This repository shows a step-by-step approach on how to serve your own model by running your own inference code with Sagemaker. Examples are in python3.
#python3 #sagemaker #ecr #bring-your-own-model #ngnix #gunicorn #flask #tensorflow #keras #docker
We use the keras model on "text classification with movie reviews" as an exmaple model. The dataset is a collection of movie reviews labelled by sentiment (positive or negative). More details on the training data can be found here
First, run the training script to train the model. The trained model is saved into the artifact
directory.
$ python train/train.py
25000 Training sequences
25000 Validation sequences
(25000, 200) (25000,)
Train on 25000 samples, validate on 25000 samples
Epoch 1/2
25000/25000 [==============================] - 160s 6ms/sample - loss: 0.3878 - accuracy: 0.8169 - val_loss: 0.2891 - val_accuracy: 0.8778
Epoch 2/2
25000/25000 [==============================] - 154s 6ms/sample - loss: 0.2016 - accuracy: 0.9235 - val_loss: 0.3100 - val_accuracy: 0.8736
Quickly test the model loading and prediction locally with a few input from the training data.
$ python train/test_predict.py
1 tf.Tensor([[0.00335662 0.9966434 ]], shape=(1, 2), dtype=float32)
0 tf.Tensor([[0.9963476 0.00365242]], shape=(1, 2), dtype=float32)
0 tf.Tensor([[0.99509156 0.00490841]], shape=(1, 2), dtype=float32)
Next, copy the trained model artifact
into the serve
directory where we keep all the files needed in a docker container.
$ cp -R train/artifact serve/artifact
There are a few things in the docker container, all under the serve
directory.
-
sagemaker.py
: a flask app that serves 2 endpoints,[POST]/invocation
and[GET]/ping
. These 2 endpoints are mandated by the Sagemaker. -
artifact
: the model created by the previous training step.sagemaker.py
loads this model on startup. -
nginx.conf
: a configuration file for the nginx server. The official guide of Gunicorn recommands using a reverse proxy in front of the Gunicorn. -
serve
: a python executable that connects "nginx -> gunicorn -> flask app" together. It needs to be an executable but not a*.py
because Sagemaker runs the container asdocker run ${image} serve
.
In this step, we build a docker image, serve it locally, and invoke the endpoints to verify everything works as expected:
$ docker build -t review:latest .
$ docker run -p 8080:8080 --rm review:latest serve
$ python local_test/request.py
<Response [200]>
[[0.28757980465888977, 0.7124201655387878]]

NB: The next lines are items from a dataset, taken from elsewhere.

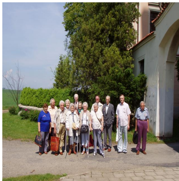
Výlet do Kroměříže (červen)
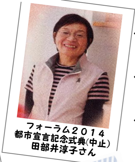
フォーラム2014 都市宣言記念式典(中止) 田部井淳子さん
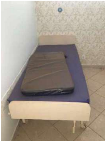
55 – TRÊS MACAS
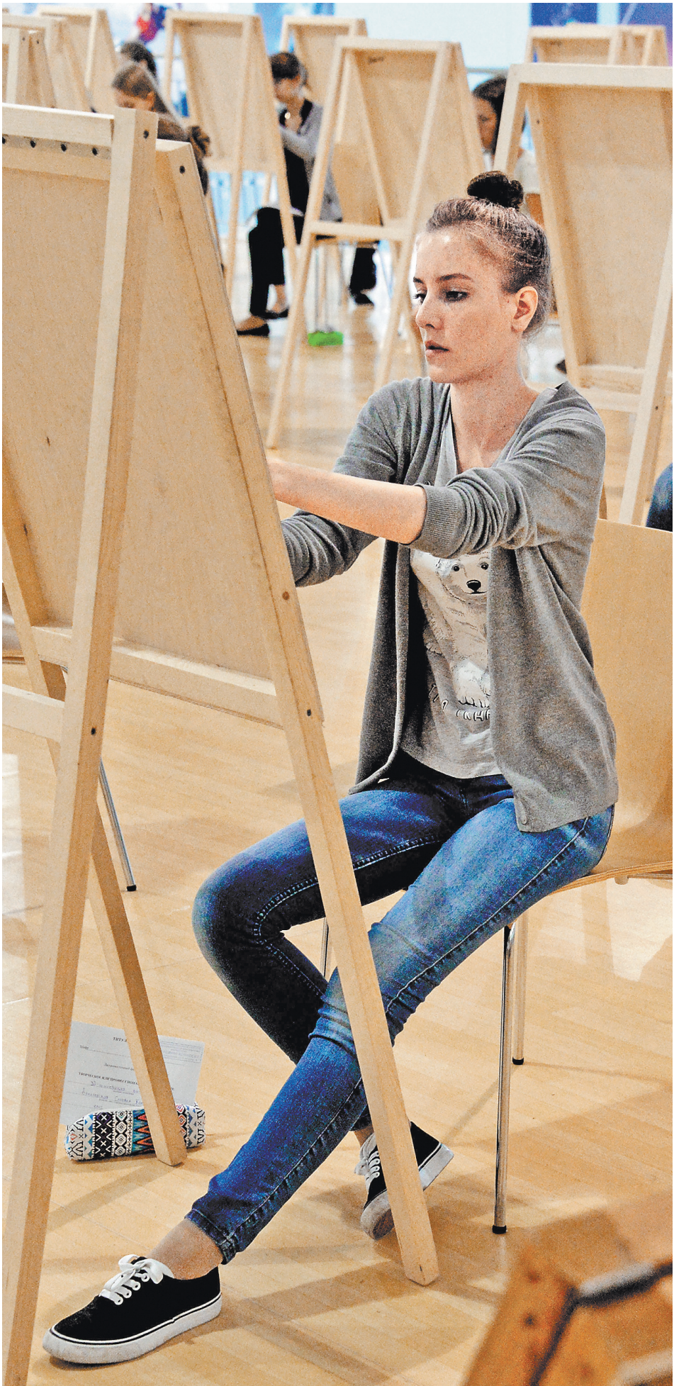
Уникальность совместных пленэров, мастер-классов в том, что ученик и педагог работают вместе. Рукou ученика «водит» мысль педагога.
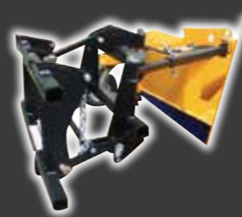
Tablier flottant adaptable sur 3 pts d'origine
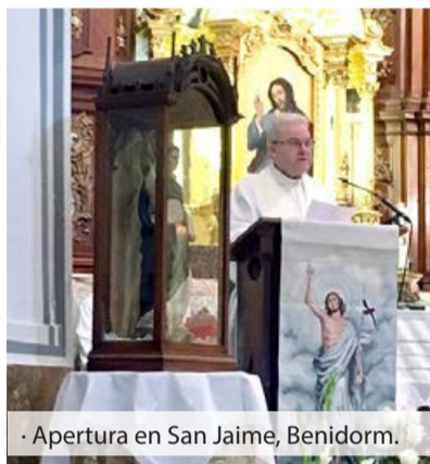
· Apertura en San Jaime, Benidorm.
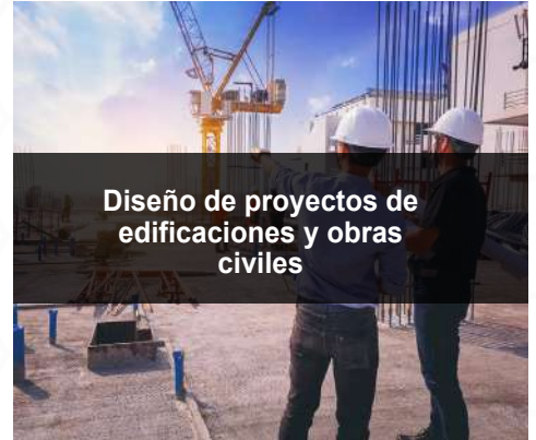
Diseño de proyectos de edificaciones y obras civiles
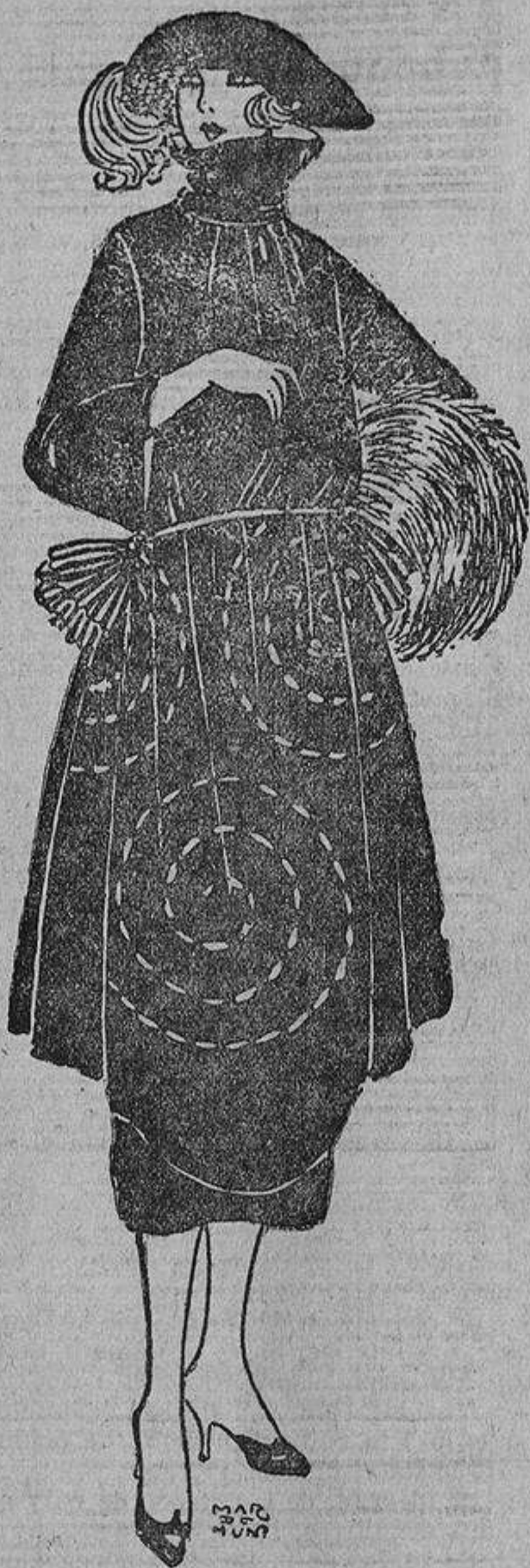
Para mucho vestir, este modelo de seda negra, bordado con azabache o cuentas de color.
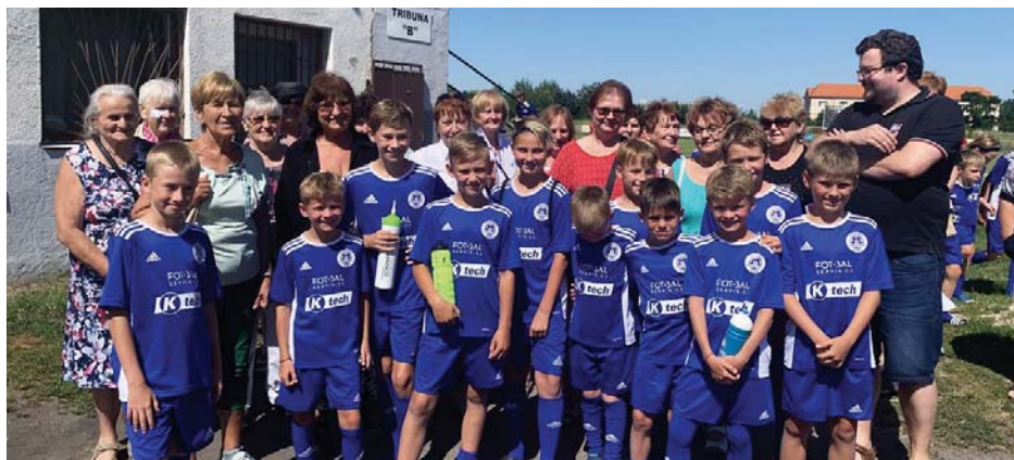
Fotbalový klub Brandýsko
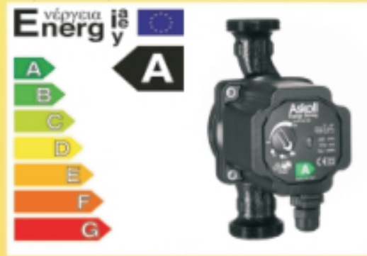
Pompe di ricircolo a velocità variabile, classe A

Il concetto: ammortizzare i costi in 5,6 anni al netto di eventuali contributi e detrazioni fiscali
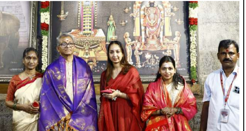
శ్రీకాళహస్తి, చిత్తూరు ఎక్స్ ప్రెస్, ఏప్రిల్ 13:
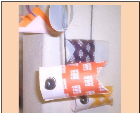
家の中でもそよ風を感じますね♪
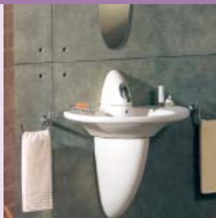
Bez tego półpostumentu dopasowanego kształtem do baterii efekt byłby mierny

Jednak poza względami estetycznymi postument i półpostument mają do spełnienia określone funkcje. Nie tylko zakrywają nieestetyczne podłączenia wodne i kanalizacyjne, ale także podtrzymują umywalkę. Są niezbędne zwłaszcza przy dużych umywalkach, które nie są mocowane na szafce lub stojącym stelażu. Zaletą postumentu w stosunku do półpostumentu jest możliwość obciążenia go większymi i cięższymi umywalkami, a wadą – trochę trudniejsze utrzymanie podłogi w czystości.
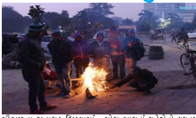
સૌરાષ્ટ્રના જૂનાગઢ જિલ્લામાં અને કચ્છમાં કોલંડવેવની સ્થિતિ રહેશે. આ વિસ્તારોમાં હાડ થિજાવતી ઠંડી પડશે.

રાજકોટ, માઉન્ટ આબુમાં ફરીથી ઠંડીએ જોર પકડ્યું છે. સોમવારે માઈનસ ૦.૫ ડીગ્રી તાપમાન નોંધાયું હતું. માઉન્ટ આબુમાં ફરીથી શીતલહેર પ્રસરતાં ઠંડા પવનના સુસવાટા વચ્ચે માઉન્ટ આબુની ઘાટીઓમાં વાતાવરણ ઠંડુંગાર થઈ જવા પામ્યું છે. સહેલાણીઓ હાડ થિજાવતી ઠંડી વચ્ચે પણ માઉન્ટ આબુના જોવાલાયક સ્થળે ઊમટી રહ્યા છે. માઉન્ટ આબુના સૌથી ઊંચા ગુરુશિખર પર તાપમાનનો પારો માઈનસ બે ડીગ્રી નોંધાયો છે. નવા વર્ષની શરૂઆતમાં જ રાજ્યના વિવિધ ભાગોમાં હવામાનમાં પલટો જોવા મળ્યો છે. રાજ્યમાં ઠંડીનું જોર વધશે એવી હવામાન વિભાગ દ્વારા આગાહી પણ કરવામાં આવી છે. હવામાન ખાતાએ કરેલી આગાહી પ્રમાણે આગામી ત્રણ દિવસ મંગળવાર, બુધવાર અને ગુરુવારે

There are 3 parts in this step.
-
push the docker image into ECR or an equivalent docker registry.
-
create the Sagemaker model and endpoint.
-
testing and verification.
First, we push the docker image into ECR. It will be later retrieved by the Sagemaker to run as a web service.
$ ./create_image.sh review
After that, we run a bunch of aws-cli commands to create Sagemaker model, endpoint config and endpoint.
$ ./create_model.sh review
It takes a while for the model to be fully created and the endpoint to be fully up. The creation status can be checked in AWS console.
Once the model and the endpoint are fully created, we can create an API Gateway resource to test it out. The configuration is given in the screenshot below. Note that the given Execution role needs to have a trust relationship to API Gateway.
With all that, we are able to call the sagemaker endpoint from the API Gateway and get inference result.